Assigned task: Set the listing down exactly; no pictures.

Dataset excerpt:
=-=-=-=-=
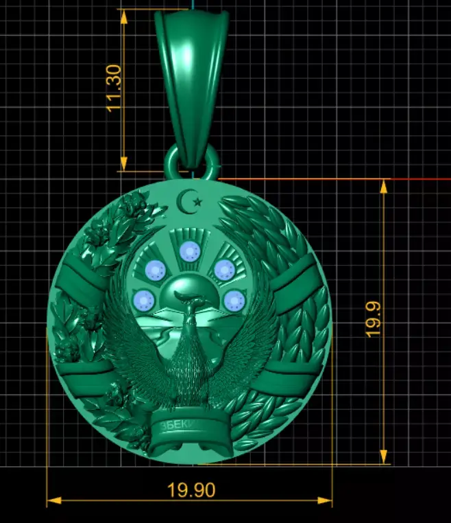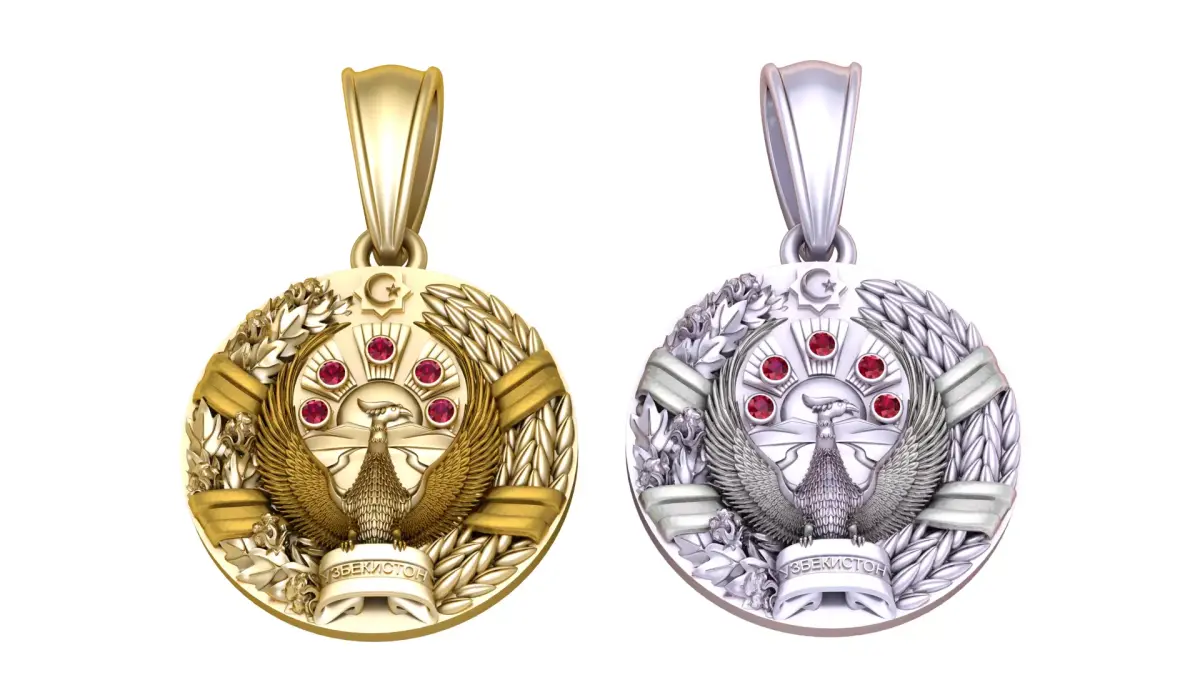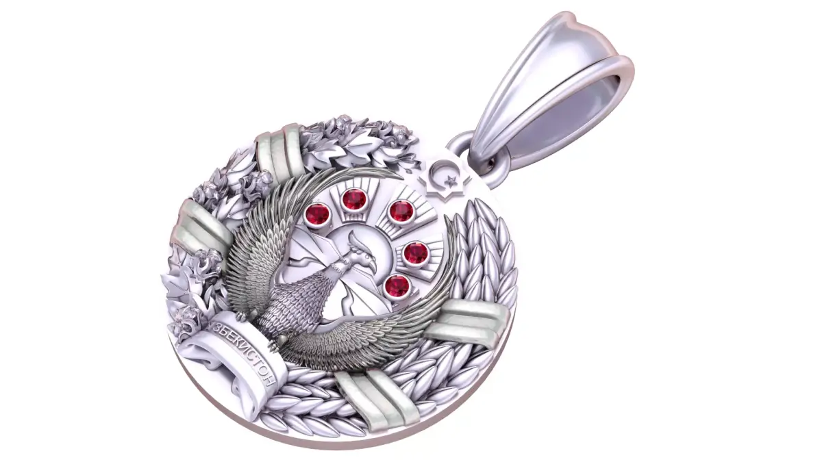 This exquisite gold Uzbekistan emblem pendant is a masterpiece of national pride and craftsmanship. Meticulously detailed, it features the mythical Khumo bird with wings spread wide, symbolizing freedom and strength, surrounded by wheat and cotton wreaths representing prosperity and abundance. At the top, the crescent and star embody heritage and faith, while the radiant sun motif is adorned with sparkling red gemstones, adding elegance and brilliance. The banner engraved with “Uzbekiston” anchors the design with cultural significance. This pendant is a perfect blend of luxury, symbolism, and patriotism, making it an ideal keepsake for collectors, a meaningful gift, or a proud emblem to wear close to the heart.
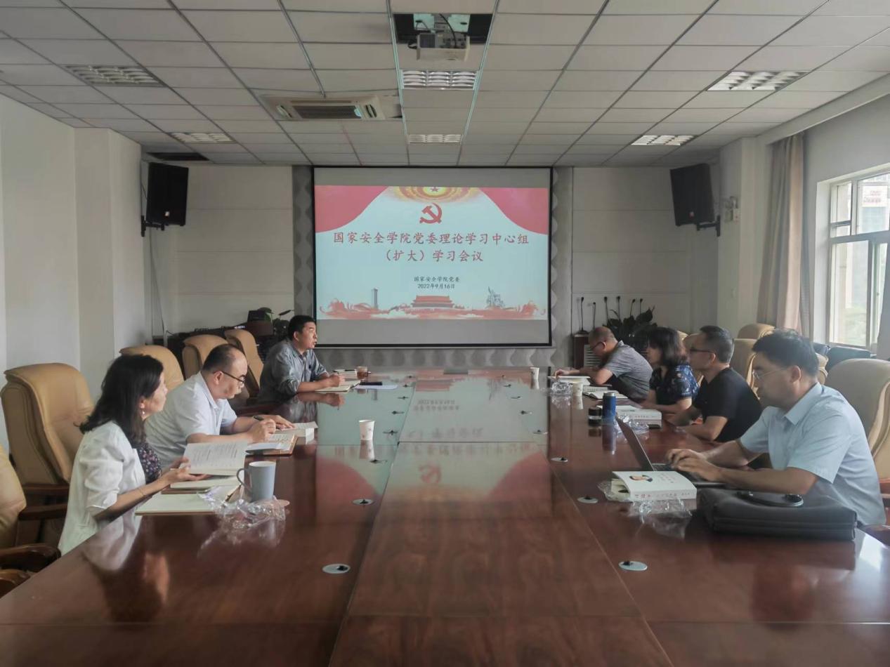 9月16日下午,国家安全学院党委在学院会议室召开理论学习中心组(扩大)学习会议,中心组成员、各支部书记参加会议。院党委书记李政敏主持会议。
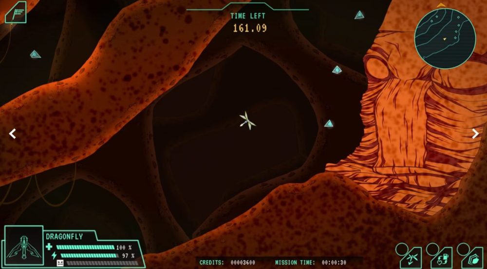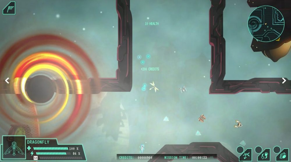 Kontrollerna är förblindande enkla, du styr din farkost genom att snurra den runt sin egen axel, sedan använder du dina booster-raketer för att flyga dit du vill. Det låter simpelt men det är allt annat än det. Redan tidigt så inser du att det här är inget spel som du kan sova dig igenom. Det gäller att hålla koll på bränslet och din sköld för om något av dessa försvinner så är du körd. Du har även möjlighet att uppgradera ditt skepp och skaffa olika fördelar inför nästa uppdrag. Det går även att välja olika piloter som har olika färdigheter. Därmed kan du spara bränsle genom att helt enkelt ha en försiktigare pilot men istället något långsammare.
=-=-=-=-=
Reply to the task:
 This exquisite gold Uzbekistan emblem pendant is a masterpiece of national pride and craftsmanship. Meticulously detailed, it features the mythical Khumo bird with wings spread wide, symbolizing freedom and strength, surrounded by wheat and cotton wreaths representing prosperity and abundance. At the top, the crescent and star embody heritage and faith, while the radiant sun motif is adorned with sparkling red gemstones, adding elegance and brilliance. The banner engraved with “Uzbekiston” anchors the design with cultural significance. This pendant is a perfect blend of luxury, symbolism, and patriotism, making it an ideal keepsake for collectors, a meaningful gift, or a proud emblem to wear close to the heart.
 9月16日下午,国家安全学院党委在学院会议室召开理论学习中心组(扩大)学习会议,中心组成员、各支部书记参加会议。院党委书记李政敏主持会议。
 Kontrollerna är förblindande enkla, du styr din farkost genom att snurra den runt sin egen axel, sedan använder du dina booster-raketer för att flyga dit du vill. Det låter simpelt men det är allt annat än det. Redan tidigt så inser du att det här är inget spel som du kan sova dig igenom. Det gäller att hålla koll på bränslet och din sköld för om något av dessa försvinner så är du körd. Du har även möjlighet att uppgradera ditt skepp och skaffa olika fördelar inför nästa uppdrag. Det går även att välja olika piloter som har olika färdigheter. Därmed kan du spara bränsle genom att helt enkelt ha en försiktigare pilot men istället något långsammare.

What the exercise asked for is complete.